И, как бы оправдываясь за свой вояж, он писал брату Андрею:
«Я человек больной, постоянно больной, а дела в последнее время навалил на себя столько, что едва расхлебал. Не с моими силами брать на себя столько. Но, слава Богу: дело у нас удалось, зато здоровье мое до того расстроилось, что теперь (именно завтра) уезжаю за границу до сентября лечиться. У меня падучая, а сверх того много других мелких недугов, развившихся в Петербурге».

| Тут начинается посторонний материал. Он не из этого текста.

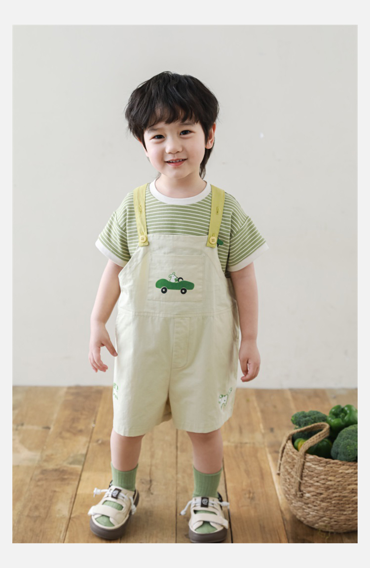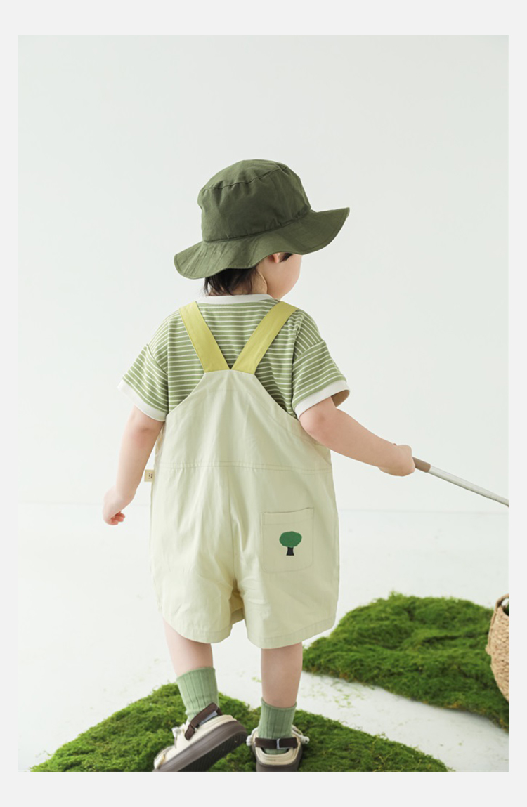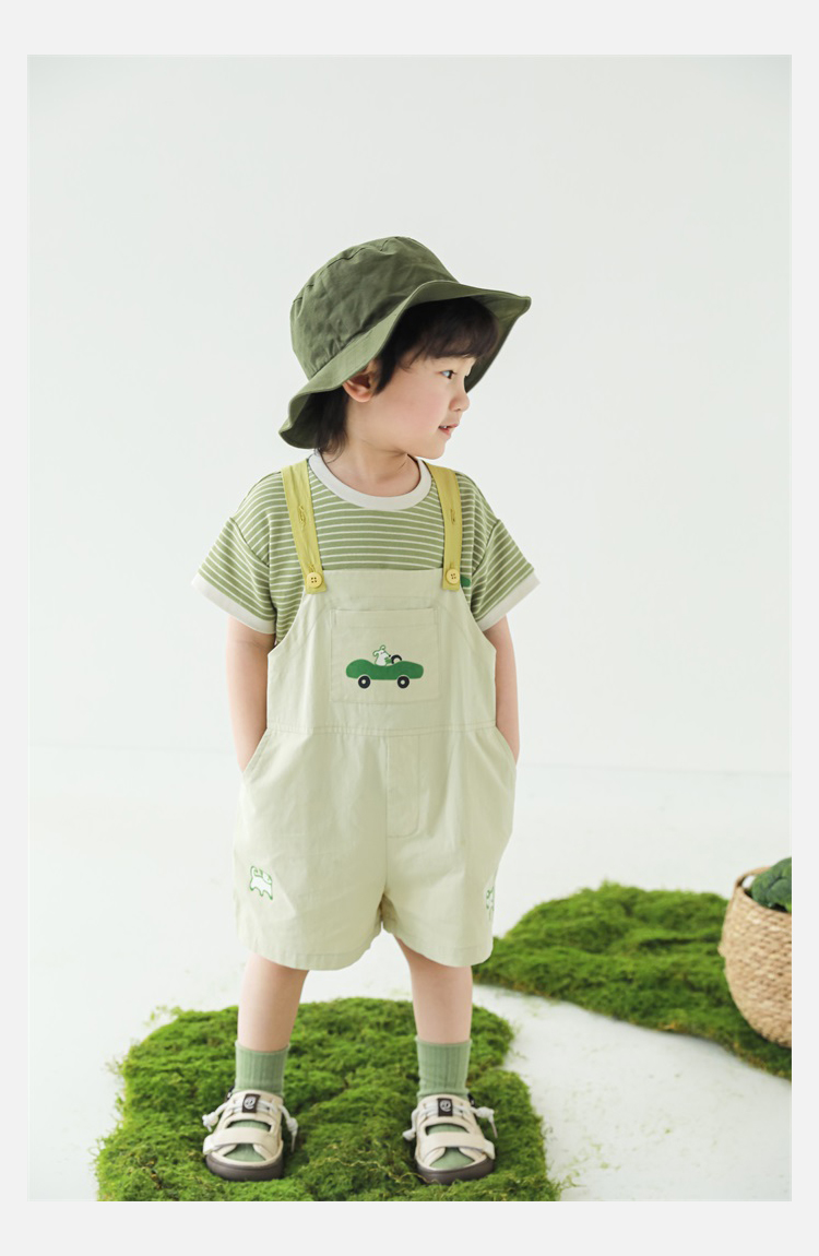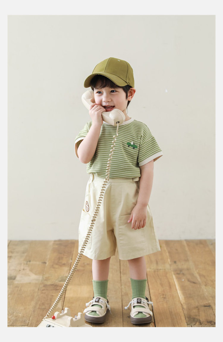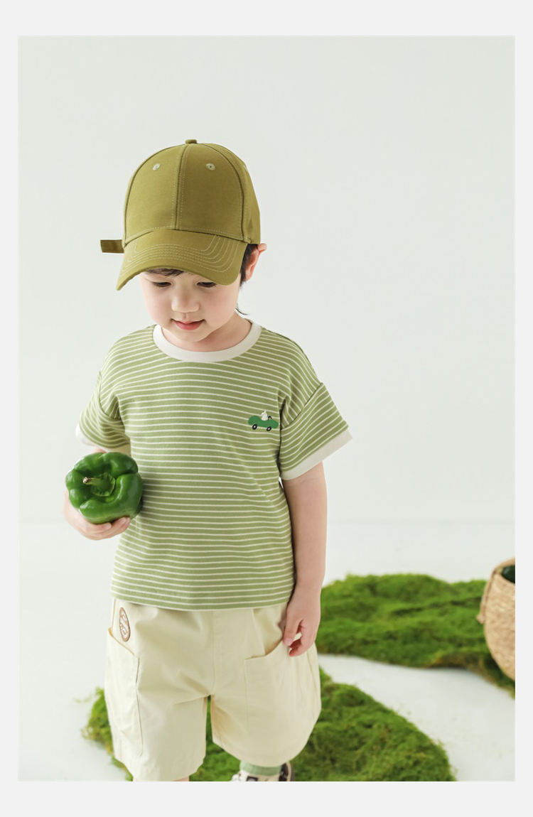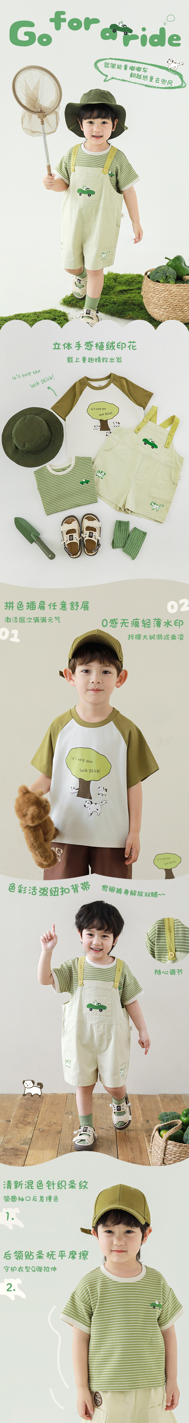 Wuri Boys의 2025 년 여름 새 빛 줄무늬 반팔 티셔츠 느슨한 어린이 유행 작업복스토어 가기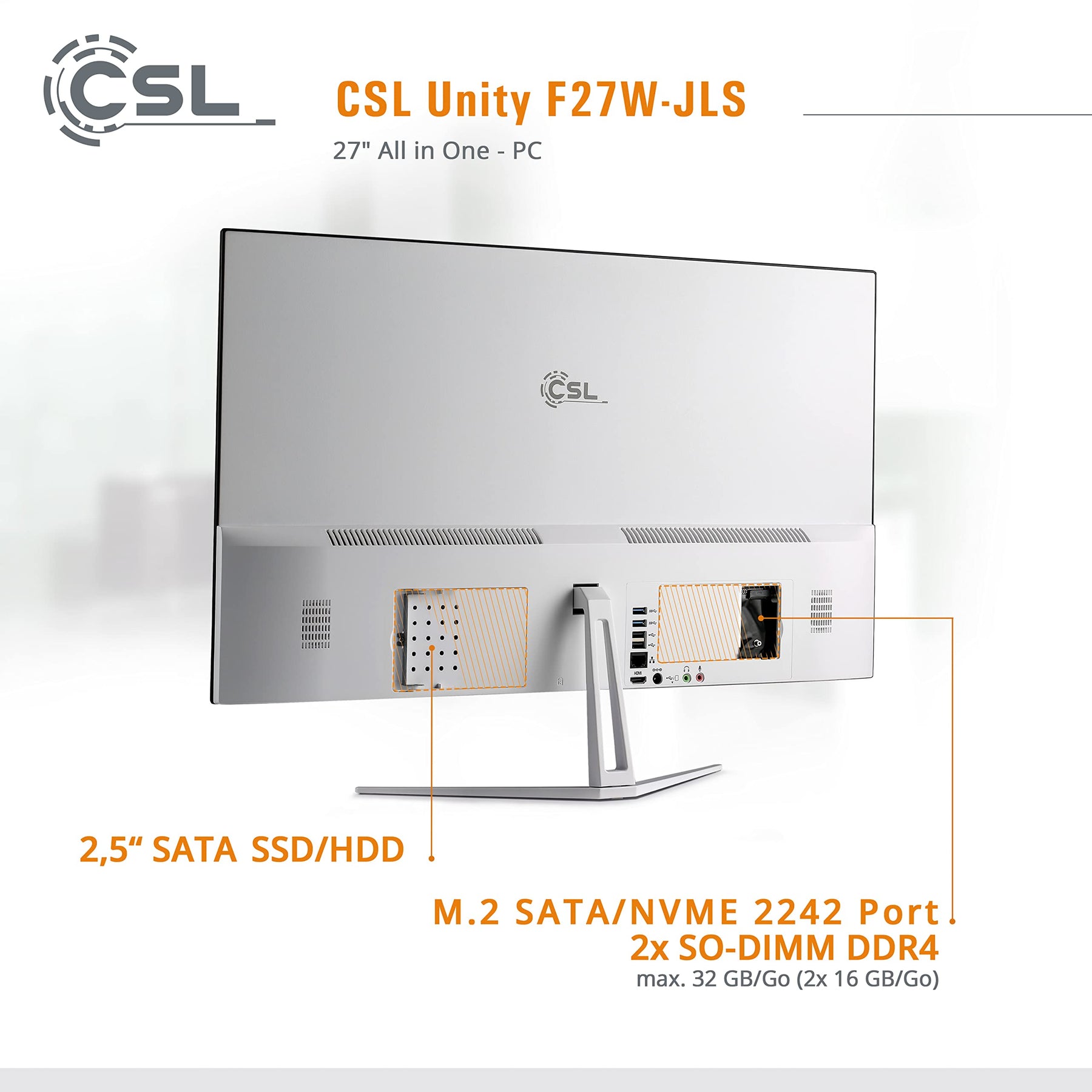• Der CSL Unity F27W-JLS ist ein eleganter, leistungsstarker All-In-One Desktop-PC. Seine Ausstattung bietet eine starke Grundlage für alle gängigen Office-Anwendungen, hochauflösendes Media-Streaming und Casual Gaming. Das im Lieferumfang enthaltene Maus- und Tastatur-Set sorgt außerdem für einen reibungslosen Einsatz im Home Office.

Достоевский ехал один, без жены. «Жена моя остается в Петербурге. Денег нет, чтоб ехать вместе, да и нельзя ей своего сына (моего пасынка) оставить, который готовится к экзамену в гимназию». Пасынку было уже пятнадцать, рос он милым отроком, но вырос мало прилежным подростком, учился неважно, воспитатели его не жаловали, Ф. М. нанимал мальчику педагогов, но те, как правило, затруднялись сделать для него что-либо путное, и «вотчим» сердился на недобросовестных наставников.
Вряд ли, однако, решение Достоевского путешествовать в одиночестве было связано только с нехваткой денег и нерадивостью Паши Исаева. Охлаждение и отчуждение между Ф. М. и его женой наступило давно, еще в Сибири; их брак оказался бездетным, гармония чувств и чувственности — недостижимой, надежды на прочный семейный очаг — иллюзорными, а теперь супруги и вовсе пребывали больше врозь, чем вместе. Писатель жил своей отдельной жизнью и о Марии Дмитриевне думал не столько в смысле страстной любви, сколько в плане заботы и ухода: она «все хворала», плохо переносила промозглые, гнилые петербургские зимы, проводя холодные месяцы в Москве или Владимире, куда иногда приезжал Ф. М. навестить больную. Он без жены бывал в театрах и на литературных вечерах, «холостяком» посещал с друзьями Павловск.